British aircraft propeller manufacturer, 1913–1936

Lang Propellers was a British company that manufactured aircraft propellers. The company operated independently from 1913 to 1936.

==History==

In 1909 Arthur Alexander Dashwood Lang became interested in aircraft propeller design and made some propellers in his own name. Lang developed and patented processes covering the tips of propeller blades with copper or fabric. These were used for example on Royal Aircraft Factory B.E.2C aircraft. In 1910 he went to work for the British & Colonial Aeroplane Company (later the Bristol Aircraft Co.) as manager of the propeller shop. He left in 1912 and set up in partnership with David Garnett at the Riverside Works Weybridge, Surrey.The company was called Lang, Garnett & Co. This enterprise lasted a matter of months before Garnett left the firm. Lang established the Lang Propeller company in 1913 and continued to use the "Riverside Works." These premises were later used by The Airscrew Company to manufacture propellers and associated components. At its peak the company supplied wooden propellers to nearly every aeroplane company in England.

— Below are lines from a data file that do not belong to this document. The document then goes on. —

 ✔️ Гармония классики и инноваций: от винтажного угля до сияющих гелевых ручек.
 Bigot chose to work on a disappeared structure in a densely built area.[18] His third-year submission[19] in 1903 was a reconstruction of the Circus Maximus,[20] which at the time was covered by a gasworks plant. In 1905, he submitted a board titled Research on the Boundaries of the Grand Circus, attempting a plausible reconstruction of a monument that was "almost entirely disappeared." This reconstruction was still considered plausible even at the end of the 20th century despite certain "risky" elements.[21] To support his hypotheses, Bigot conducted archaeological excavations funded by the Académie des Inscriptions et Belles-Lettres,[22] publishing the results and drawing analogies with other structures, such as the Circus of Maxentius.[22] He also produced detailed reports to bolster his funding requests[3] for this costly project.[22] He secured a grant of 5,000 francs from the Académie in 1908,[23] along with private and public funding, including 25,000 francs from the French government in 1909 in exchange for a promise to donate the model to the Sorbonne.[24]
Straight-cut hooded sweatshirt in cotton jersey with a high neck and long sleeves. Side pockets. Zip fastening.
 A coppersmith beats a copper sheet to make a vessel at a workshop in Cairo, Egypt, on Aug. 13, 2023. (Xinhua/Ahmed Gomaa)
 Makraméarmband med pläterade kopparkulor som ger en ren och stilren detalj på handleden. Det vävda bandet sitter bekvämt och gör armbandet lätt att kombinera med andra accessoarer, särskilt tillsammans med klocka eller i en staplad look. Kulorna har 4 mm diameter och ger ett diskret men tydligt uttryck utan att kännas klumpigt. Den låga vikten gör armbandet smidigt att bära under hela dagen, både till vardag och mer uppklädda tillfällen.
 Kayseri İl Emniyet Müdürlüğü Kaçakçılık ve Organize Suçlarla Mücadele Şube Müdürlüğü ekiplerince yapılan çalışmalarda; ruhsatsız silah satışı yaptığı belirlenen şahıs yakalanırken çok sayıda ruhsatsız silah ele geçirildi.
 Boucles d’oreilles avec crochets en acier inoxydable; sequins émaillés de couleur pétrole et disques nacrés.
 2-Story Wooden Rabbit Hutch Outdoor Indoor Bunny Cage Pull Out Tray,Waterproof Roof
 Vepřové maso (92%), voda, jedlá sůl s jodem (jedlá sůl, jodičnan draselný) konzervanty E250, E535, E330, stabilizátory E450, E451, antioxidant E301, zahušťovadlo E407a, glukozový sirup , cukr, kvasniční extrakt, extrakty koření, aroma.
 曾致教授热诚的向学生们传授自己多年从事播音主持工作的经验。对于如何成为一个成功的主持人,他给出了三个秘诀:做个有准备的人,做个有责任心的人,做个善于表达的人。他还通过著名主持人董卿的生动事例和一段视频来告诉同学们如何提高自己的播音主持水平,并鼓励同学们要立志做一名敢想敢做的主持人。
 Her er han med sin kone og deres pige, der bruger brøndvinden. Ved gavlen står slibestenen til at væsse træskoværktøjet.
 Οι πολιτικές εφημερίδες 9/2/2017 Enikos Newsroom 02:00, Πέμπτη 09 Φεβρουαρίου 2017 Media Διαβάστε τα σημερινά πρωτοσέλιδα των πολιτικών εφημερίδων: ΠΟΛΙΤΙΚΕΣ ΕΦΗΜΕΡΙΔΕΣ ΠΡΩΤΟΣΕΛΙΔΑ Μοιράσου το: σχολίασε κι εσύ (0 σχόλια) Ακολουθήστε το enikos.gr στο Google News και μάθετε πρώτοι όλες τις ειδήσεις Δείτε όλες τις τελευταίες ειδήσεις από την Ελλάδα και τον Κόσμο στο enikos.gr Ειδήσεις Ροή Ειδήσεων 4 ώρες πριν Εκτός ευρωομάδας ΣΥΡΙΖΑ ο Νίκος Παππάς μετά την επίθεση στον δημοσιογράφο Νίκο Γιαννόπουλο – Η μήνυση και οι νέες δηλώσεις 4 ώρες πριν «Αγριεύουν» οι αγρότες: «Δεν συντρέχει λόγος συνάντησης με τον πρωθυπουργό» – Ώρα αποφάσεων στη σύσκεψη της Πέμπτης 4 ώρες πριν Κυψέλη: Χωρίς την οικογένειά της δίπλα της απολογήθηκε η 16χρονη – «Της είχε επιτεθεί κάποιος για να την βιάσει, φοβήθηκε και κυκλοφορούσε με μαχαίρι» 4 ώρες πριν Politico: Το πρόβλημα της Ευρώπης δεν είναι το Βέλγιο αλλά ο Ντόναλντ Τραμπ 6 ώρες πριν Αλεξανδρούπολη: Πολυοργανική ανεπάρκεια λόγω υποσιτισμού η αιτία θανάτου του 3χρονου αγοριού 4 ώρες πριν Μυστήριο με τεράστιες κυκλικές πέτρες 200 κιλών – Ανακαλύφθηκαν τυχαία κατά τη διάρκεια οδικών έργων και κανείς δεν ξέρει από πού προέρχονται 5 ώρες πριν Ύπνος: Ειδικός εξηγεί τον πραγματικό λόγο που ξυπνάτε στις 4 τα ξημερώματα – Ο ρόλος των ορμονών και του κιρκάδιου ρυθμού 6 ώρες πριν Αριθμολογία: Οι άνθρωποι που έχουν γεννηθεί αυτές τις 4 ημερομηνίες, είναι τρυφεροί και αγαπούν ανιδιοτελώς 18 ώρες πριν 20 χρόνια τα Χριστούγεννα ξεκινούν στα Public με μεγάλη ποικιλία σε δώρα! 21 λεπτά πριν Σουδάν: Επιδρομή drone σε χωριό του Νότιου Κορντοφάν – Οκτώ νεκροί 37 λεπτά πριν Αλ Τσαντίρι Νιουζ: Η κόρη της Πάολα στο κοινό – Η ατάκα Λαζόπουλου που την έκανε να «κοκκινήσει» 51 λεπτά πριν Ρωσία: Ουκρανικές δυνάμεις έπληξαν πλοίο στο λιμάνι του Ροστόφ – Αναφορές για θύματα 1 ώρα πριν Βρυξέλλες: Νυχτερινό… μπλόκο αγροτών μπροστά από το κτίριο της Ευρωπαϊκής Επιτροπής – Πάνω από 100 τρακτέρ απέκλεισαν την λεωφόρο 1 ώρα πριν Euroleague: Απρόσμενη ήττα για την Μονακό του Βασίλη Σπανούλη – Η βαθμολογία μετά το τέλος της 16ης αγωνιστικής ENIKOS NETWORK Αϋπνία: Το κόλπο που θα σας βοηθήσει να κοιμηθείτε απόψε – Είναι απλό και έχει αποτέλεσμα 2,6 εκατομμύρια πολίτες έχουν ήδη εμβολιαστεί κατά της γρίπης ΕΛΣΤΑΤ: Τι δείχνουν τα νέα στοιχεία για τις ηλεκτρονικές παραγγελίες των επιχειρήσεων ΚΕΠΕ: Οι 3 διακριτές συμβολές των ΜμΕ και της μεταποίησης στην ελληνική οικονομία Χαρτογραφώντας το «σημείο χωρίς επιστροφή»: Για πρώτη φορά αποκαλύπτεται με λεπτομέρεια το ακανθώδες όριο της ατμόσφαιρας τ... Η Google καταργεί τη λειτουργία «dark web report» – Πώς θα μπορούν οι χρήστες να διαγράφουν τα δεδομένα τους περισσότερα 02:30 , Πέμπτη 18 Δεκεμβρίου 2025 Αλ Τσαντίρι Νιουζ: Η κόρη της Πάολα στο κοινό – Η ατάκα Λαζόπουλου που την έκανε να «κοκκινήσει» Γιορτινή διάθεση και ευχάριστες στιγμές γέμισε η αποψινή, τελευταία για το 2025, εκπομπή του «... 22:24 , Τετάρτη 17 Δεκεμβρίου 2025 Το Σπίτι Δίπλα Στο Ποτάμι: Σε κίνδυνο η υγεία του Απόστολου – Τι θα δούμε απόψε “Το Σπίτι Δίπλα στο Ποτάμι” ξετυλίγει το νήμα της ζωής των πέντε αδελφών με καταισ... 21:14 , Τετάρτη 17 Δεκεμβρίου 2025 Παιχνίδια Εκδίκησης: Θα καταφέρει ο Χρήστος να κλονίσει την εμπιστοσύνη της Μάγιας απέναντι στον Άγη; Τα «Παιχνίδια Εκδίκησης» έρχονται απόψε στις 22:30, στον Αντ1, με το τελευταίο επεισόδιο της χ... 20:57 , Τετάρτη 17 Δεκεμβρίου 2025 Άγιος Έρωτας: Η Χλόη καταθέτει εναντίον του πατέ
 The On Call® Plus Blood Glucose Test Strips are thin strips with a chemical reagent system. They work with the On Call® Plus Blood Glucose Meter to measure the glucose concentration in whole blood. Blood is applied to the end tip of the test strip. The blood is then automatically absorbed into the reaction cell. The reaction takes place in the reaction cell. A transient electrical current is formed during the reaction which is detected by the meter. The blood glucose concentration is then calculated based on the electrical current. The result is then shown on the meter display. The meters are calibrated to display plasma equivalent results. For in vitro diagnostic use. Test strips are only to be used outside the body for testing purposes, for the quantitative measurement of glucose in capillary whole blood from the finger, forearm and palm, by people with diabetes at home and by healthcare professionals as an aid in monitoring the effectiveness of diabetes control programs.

In April 1936 the Aeronautical Corporation of Great Britain, Ltd was incorporated. The new company was formed to acquire the assets of companies involved in the UK production of the Aeronca aircraft, and to acquire from Lang Propellers Ltd., the whole of its assets. These comprised rights under British Patents relating to machines for shaping airscrew blades applied for by Lang. The new company bought a factory at Walton near Peterborough that had been built during the first world war for Frederick Sage & Company for aircraft production.

===Lang USA===
The Lang Propeller Company of America Inc. was established as a Manhattan corporation with a capital of $45,000, with Lang, L. L. Montant and E. N. Bush as directors in August 1917. Dashwood Lang had just sold his UK company to the Sopwith Aircraft company and this was a new enterprise. The US Navy contracted Lang to supply them with propellers and paid for the construction of a factory at Whitestone on Long Island. By late 1917 the company name was changed to Lang Products Co. Prior to the factory being completed Lang subcontracted the manufacture of his designs to local US and Canadian producers.

==Arthur Alexander Dashwood Lang==
Lang formed another company A. D. Lang Ltd. In 1921 it was described as being general manufacturers, buying and selling agents, printers, lithographers, manufacturers of chemicals with offices at 4, Vigo Street, London W1.
In addition to his work in developing propellers and associated equipment, Lang found time in 1923 to patent a wheel for vehicles.
In 1936 Lang joined the Board of Hordern-Richmond, another British company that was closely involved in the development and production of airscrews and propellers.